By design, many short-read-based gene expression analyses rely on annotated reference transcripts, quantifying known transcripts, which may lead to under-detection of rare or novel isoforms [39,40], such as those that may arise in rare disease patients. Furthermore, low RNA stability during sample preparation and extraction [41], as well as technical limitations in short-read alignment [42], may introduce artifacts, underscoring the importance of manual curation of detected mRNA isoforms. Conversely, limited isoform detection sensitivity can lead to missed splicing events, as demonstrated by three of the four short-read RNA-based splicing prediction tools we tested: IRFinder (v. 1.3.1) [43], EventPointer [44], and SplAdder (v. 2.4.3) [45] (Table S11). Only Whippet (v. 0.11.1) [32] successfully detected the relevant isoform, but with poor specificity, yielding a 5:1 false-positive ratio that required extensive manual curation. Interestingly, DNA-based splicing prediction tools, SpliceAI (v. 1.3.1) [30] and Pangolin (v. 1.0.1) [31], proved advantageous over RNA-based approaches. Both correctly identified the alternative splicing event, provided sufficient context, and ranked the causative NF1 variant as the most impactful on splicing (Table S12). Moreover, this approach enables simultaneous testing of multiple variants and straightforward isoform filtering based on splicing impact, quantified on a numerical scale from 0 to 100 (Figure 5).
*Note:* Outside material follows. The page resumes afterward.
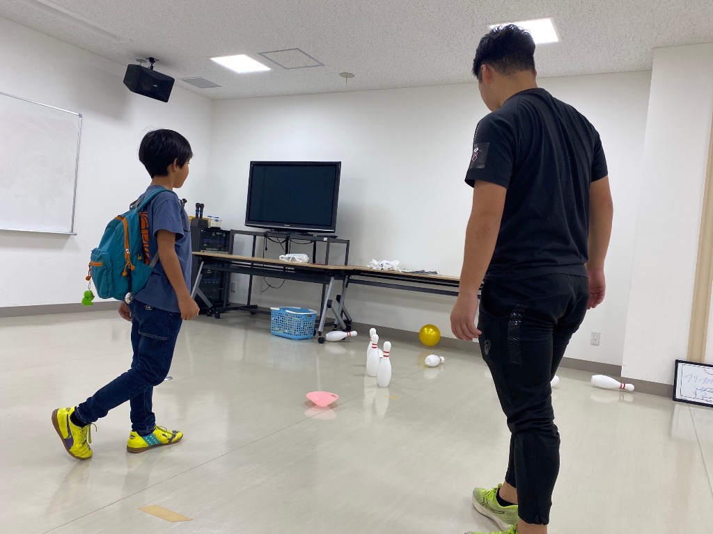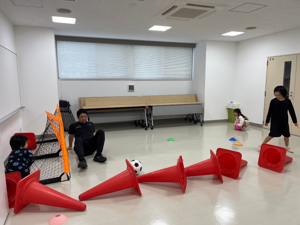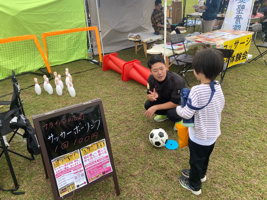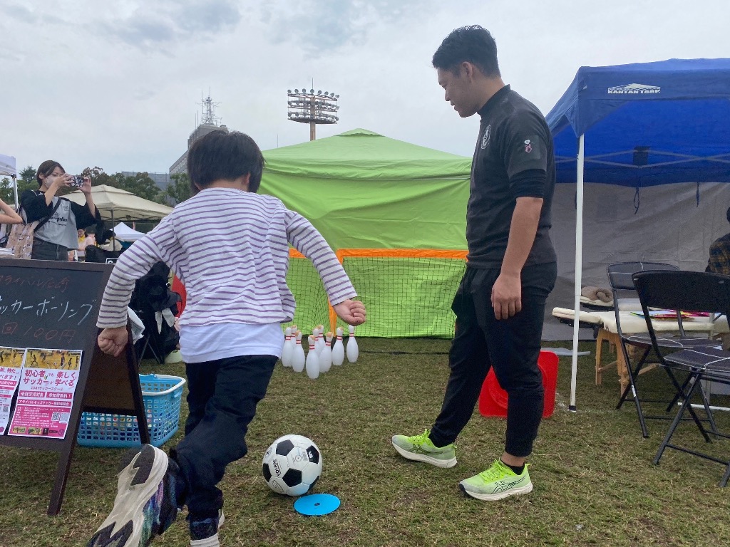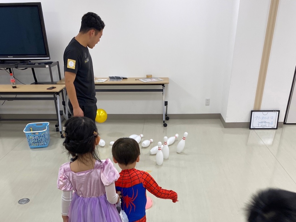 ハロウィンイベントということで可愛い仮装をした子どもたちと一緒にサッカーしました。またサッカーボーリングでお菓子をGETし、楽しんでもらえることができました。

While short-read WGS is the gold standard for SNV identification, it is typically suboptimal detecting SVs due to sequencing depth fluctuations and potential short-read alignment artifacts [46]. To circumvent these inherent limitations, we employed HiFi long-read sequencing to confirm SVs in genes associated with neurofibromatosis (Table S8). Nevertheless, our results—particularly Manta (v1.6.0) [25] calls (Table S6)—indicate that short-read DNA sequencing at moderate depth (average 40× in our study, see Table S1) can still provide a baseline SV analysis suitable for diagnostic workflows (Figure 5). The main limitation we encountered in SV analyses was not detection or replicability, but accurate estimation of SV pathogenicity. For instance, the two clinical impact scoring systems we used, Exomiser [47] and ACMG_class, often disagreed in scoring intronic SVs (Tables S5–S7), a discrepancy exacerbated by the lack of population frequency and ethnicity-specific annotations. Although we did not identify any reportedly pathogenic SVs in this NF1 case study (Tables S5–S7), we still recommend including SV assessment in diagnostic workflows, as large indels— particularly deletions that may span entire genes [8,48]—have been reported as causative variants in rare diseases [9]. Although we identified one homozygous deep-intronic ALU SV in the patient’s KIT gene (Figure S4), and given that exonic KIT deletions are common in neoplasms [49,50,51], we found no reports of ALU-mediated breakpoints confined to KIT exons or introns. By contrast, pathogenic ALU-mediated deletions have been well documented in other genes [52,53,54,55].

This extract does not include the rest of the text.